En ce qui concerne l’information sur la loi, il est important que le débat qui s’est engagé à son propos (ou à partir d’elle) ne se perde pas sur de fausses
pistes : le texte de la loi LRU ainsi que celui de la loi de 1984 et un relevé des différences entre les deux textes figurent désormais sur notre site
(
http://www.univ-poitiers.fr). La simple lecture de ces textes devrait permettre d’en finir avec certaines craintes fortement exprimées :

– cette loi ne modifie rien quant au principe de la non sélection à l’entrée à l’université. Elle réaffirme au contraire la possibilité pour
chaque bachelier de s’inscrire dans la filière de son choix. Elle demande seulement que l’université puisse conseiller utilement le candidat à ce choix (procédure déjà mise en place dans notre
université à la dernière rentrée universitaire) ;

– cette loi ne modifie rien quant à la fixation des droits d’inscription, définis nationalement et par arrêté ministériel. Elle n’ouvre pas
plus le droit pour une université de décider, toute seule, localement, de droits d’inscription particuliers.
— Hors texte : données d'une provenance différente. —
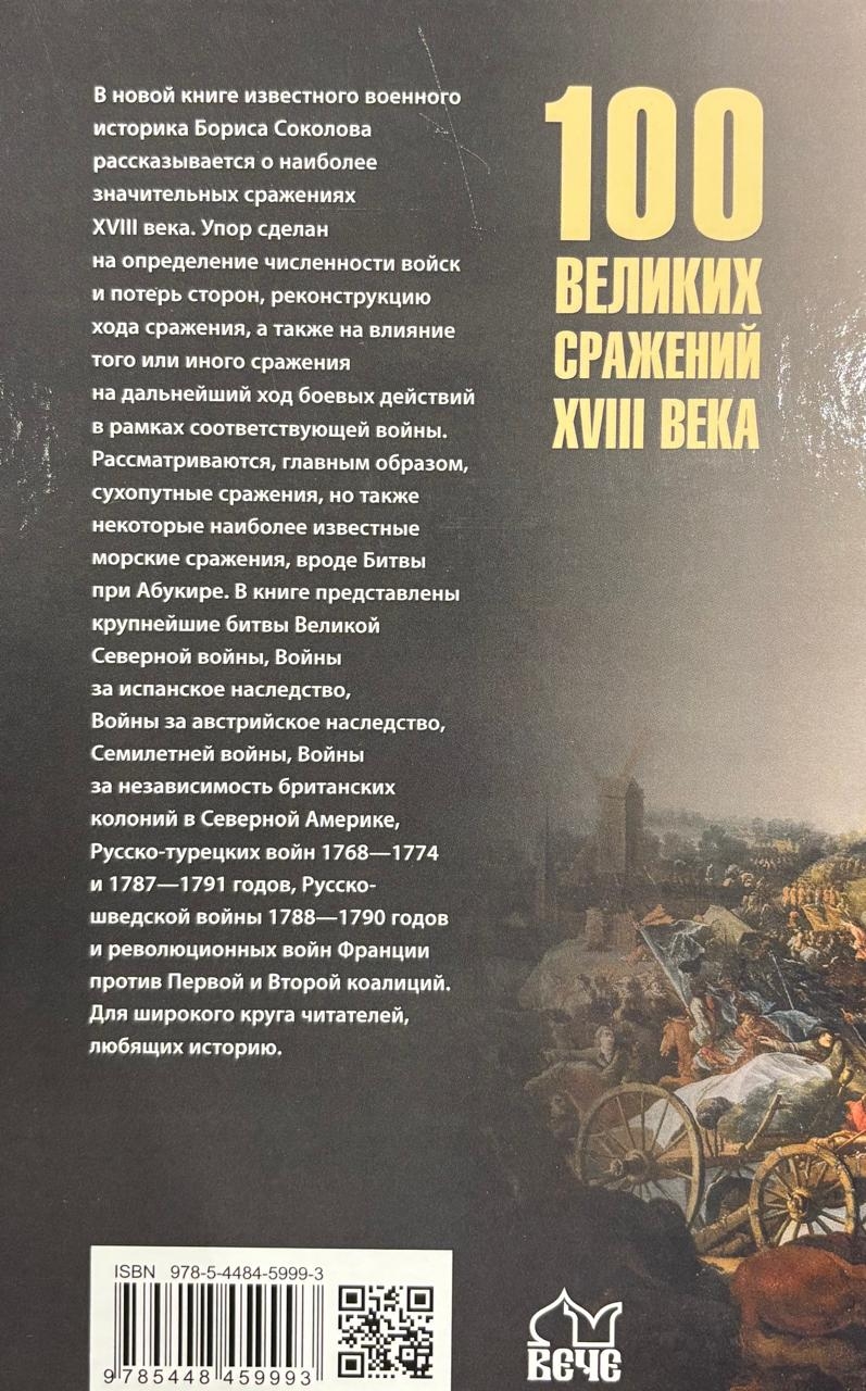 В новой книге известного военного историка Бориса Соколова рассказывается о наиболее значительных сражениях XVIII века. Упор сделан на определение численности войск и потерь сторон, реконструкцию хода сражения, а также на влияние того или иного сражения на дальнейший ход боевых действий в рамках соответствующей войны. Рассматриваются, главным образом, сухопутные сражения, но также некоторые наиболее известные морские сражения, вроде Битвы при Абукире. В книге представлены крупнейшие битвы Великой Северной войны, Войны за испанское наследство, Войны за австрийское наследство, Семилетней войны, Войны за независимость британских колоний в Северной Америке, Русско-турецких войн 1768—1774 и 1787—1791 годов, Русско-шведской войны 1788—1790 годов и революционных войн Франции против Первой и Второй коалиции. Для широкого круга читателей, любящих историю.

– cette loi ne modifie rien quant au monopole de la collation des grades et diplômes exercé par l’Etat. Les filières de formation offertes
par une université continueront donc d’être décidées à l’issue de la négociation entre l’université et le ministère (contrat quadriennal). La loi LRU ne change rien à ce mécanisme, qu’elle
renforce au contraire par la place centrale désormais réservée au contrat dans la loi.

*

Quels sont donc les points sur lesquels la loi LRU apporte des changements ?
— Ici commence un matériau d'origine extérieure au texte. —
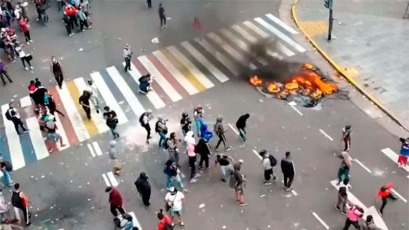 La escalada de tensión y violencia inició poco más de una hora después de que comenzara oficialmente la sesión de Diputados en el Congreso. Primero se observó una quema de gomas literalmente frente al edificio y luego, un grupo de manifestantes, comenzó con un ataque a pedradas a las ventanas del Congreso.
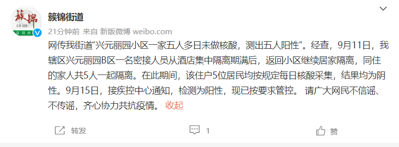 近日,成都市武侯区簇锦街道办事处微博发布信息称,网传我街道“兴元丽园小区一家五人多日未做核酸,测出五人阳性”。经查,9月11日,我辖区兴元丽园B区一名密接人员从酒店集中隔离期满后,返回小区继续居家隔离,同住的家人共5人一起隔离。在此期间,该住户5位居民均按规定每日核酸采集,结果均为阴性。9月15日,接疾控中心通知,检测为阳性,现已按要求管控。 请广大网民不信谣、不传谣,齐心协力共抗疫情。
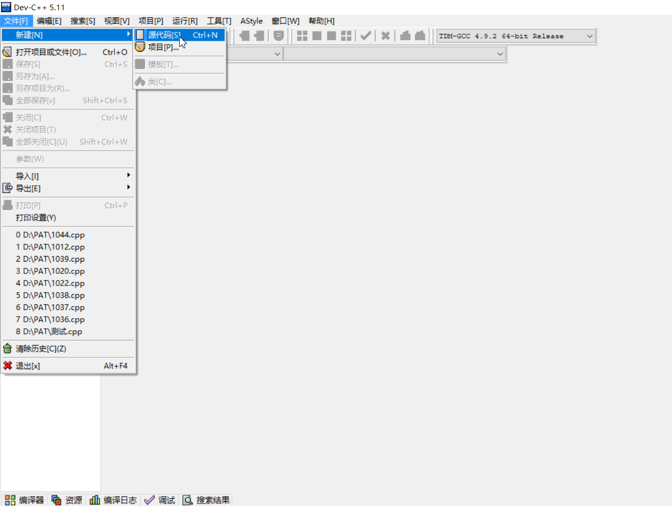 2.打开devc++软件,点击文件-新建-源代码,新建新的项目并可以开始写代码了
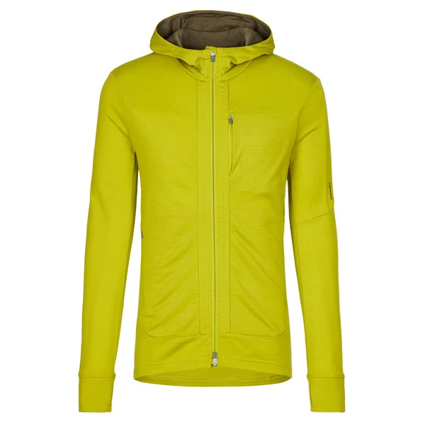 Die Kapuzenjacke ist vergleichsweise dünn und schmal geschnitten, so kann sie prima als wärmender Midlayer eingesetzt werden. Die Innenseite mit leichter Schlingen-Struktur speichert deine Körperwärme besonders effektiv und liegt angenehm weich auf der Haut. Das Merinowoll-Material leitet entstehende Feuchtigkeit schnell ab und reguliert die Körpertemperatur. So wird dir weder zu warm noch zu kalt in der Jacke. Gerade wenn sich bei deinen Aktivitäten häufig Belastungs- und Erholungsphasen abwechseln, ist das natürlich ein großer Vorteil!
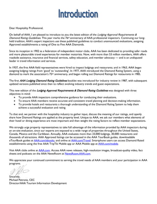 The document provides information about AAA's Diamond Rating System for hotels and restaurants. It explains that AAA uses Approval Requirements, which are mandatory standards, and Diamond Rating Guidelines, which are more flexible, to evaluate properties. The Approval Requirements section lists 33 standards that must be met for a property to receive AAA Approval, covering cleanliness, management practices, exterior/public areas, guestrooms, and bathrooms. Meeting these standards is the first step before a property can be considered for a Diamond Rating.
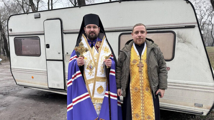 Bischof Maksym Ryabukha mit einem Priester vor einem zur Kapelle umgebauten Wohnwagen © Kirche in Not
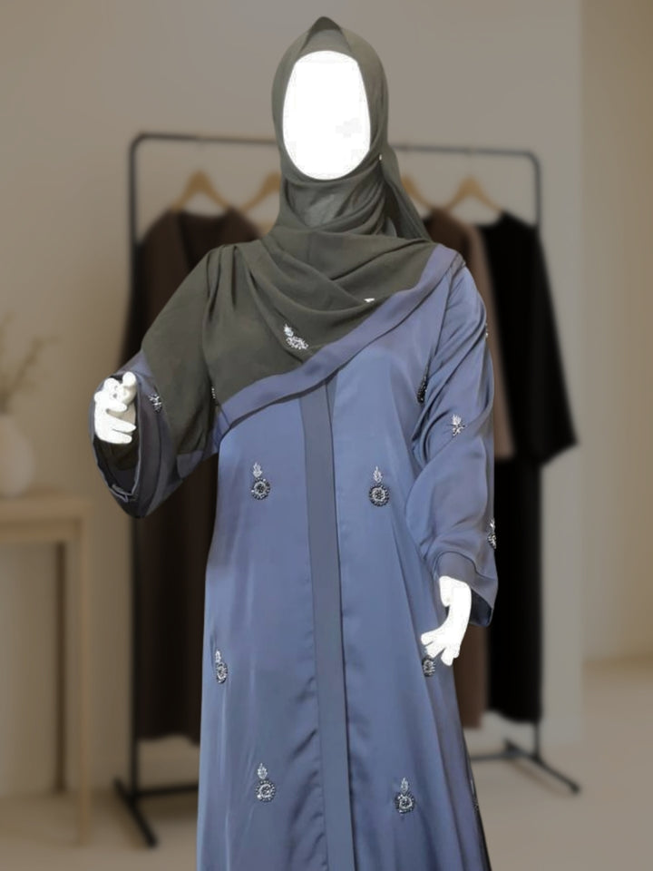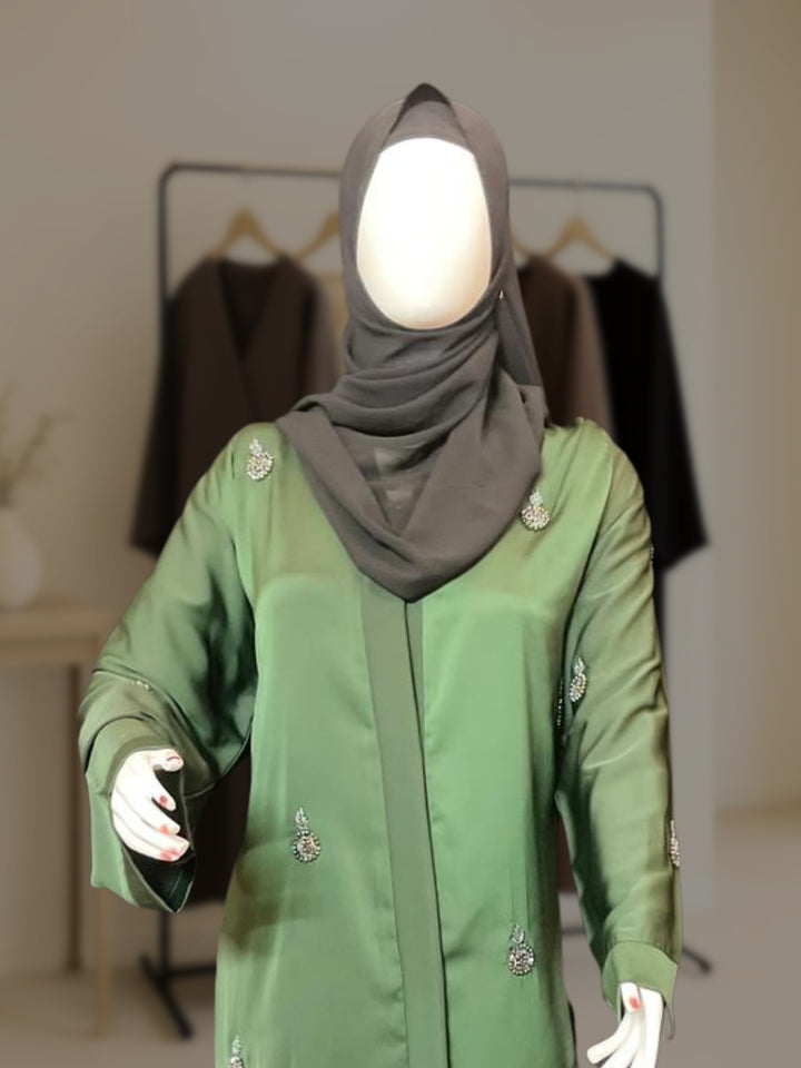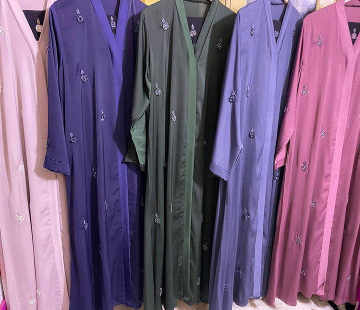 Its standout feature is the delicate scattered handwork motifs across the front and sleeves, adding just the right amount of charm without overwhelming the design. Available in multiple rich shades, this abaya offers flexibility to suit both casual gatherings and semi-formal occasions.

Le président : la loi fait-elle vraiment de lui un super manager doté de tous les pouvoirs ? La lecture comparée du texte de la loi de 1984
et de celui de 2007 ne permet guère de l’affirmer. Au demeurant, j’ai observé que le CA, et c’est une nouveauté, exercera désormais un contrôle sur ses actions et ses décisions. Certes, et
c’est là la principale modification, aucune affectation (sauf pour ce qui concerne de l’affectation des agrégés de l’enseignement supérieur) ne peut désormais être prononcée s’il émet un
avis défavorable motivé. Ce pouvoir inquiète… et j’estime pour ma part qu’il aurait été sage de le laisser entre les mains du conseil d’administration… mais j’observe que les
directeurs d’IUT, qui disposent d’un pouvoir similaire depuis de nombreuses années, ne l’ont quasiment jamais utilisé (une seule fois en quinze ans à Poitiers) !
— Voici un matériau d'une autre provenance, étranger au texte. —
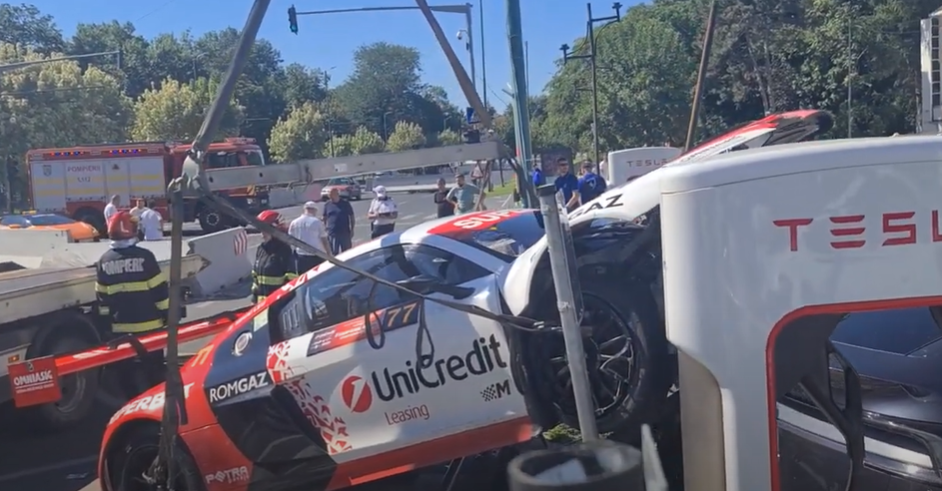 Una dintre mașini, un Audi R8 GT3, a ieșit în afara pistei și a lovit în plin o Tesla care era parcată în stația de încărcare din apropiere.

Le conseil d’administration : il comptera 30 membres à l’université de Poitiers, avec des proportions de représentation pas si
éloignées de celles de la loi de 1984. La représentation des étudiants, certes, va se trouver diminuée (14/60 dans le précédent CA contre 5/30 dans le nouveau) mais la présence de suppléants
permettra d’assurer une présence effective plus forte (actuellement, la présence des élus étudiants au CA est de l’ordre de 50 %). Un regret : la diminution relative des élus BIATOSS compte
tenu de leur implication dans la vie de l’établissement, diminution que compense imparfaitement la création d’un Comité Technique Paritaire. Quant aux 8 personnalités extérieures au lieu de 12
actuellement (dont, chez nous, 3 des collectivités, désignées par elles), elles ne pourront, à l’évidence, exercer aucune mainmise sur le CA : 73 % des membres de notre CA seront des personnels
ou des usagers de notre université !

La grande nouveauté m’apparaît être la suppression des secteurs pour l’élection des membres du CA : l’élection se fera sur un projet pour l’établissement,
non sur la représentation des composantes : à nous d’éviter les déséquilibres et de faire en sorte que le projet retenu par les électeurs prenne en compte la communauté tout
entière.

Les compétences nouvelles : les universités vont devoir assurer la responsabilité de la masse salariale et de la gestion des
ressources humaines dans un délai de 5 ans. La loi a prévu des garde-fous : plafonds de cette masse salariale, plafonds des emplois Etat et des emplois de contractuels… Les spéculations sur des
recrutements « massifs » de contractuels sont donc fort peu fondées. Dois-je rappeler que nous payons actuellement sur ressources propres 74 emplois « gagés » et 130 contractuels, hors
recherche (doctorants, ATER), pour environ 900 emplois Etat ? 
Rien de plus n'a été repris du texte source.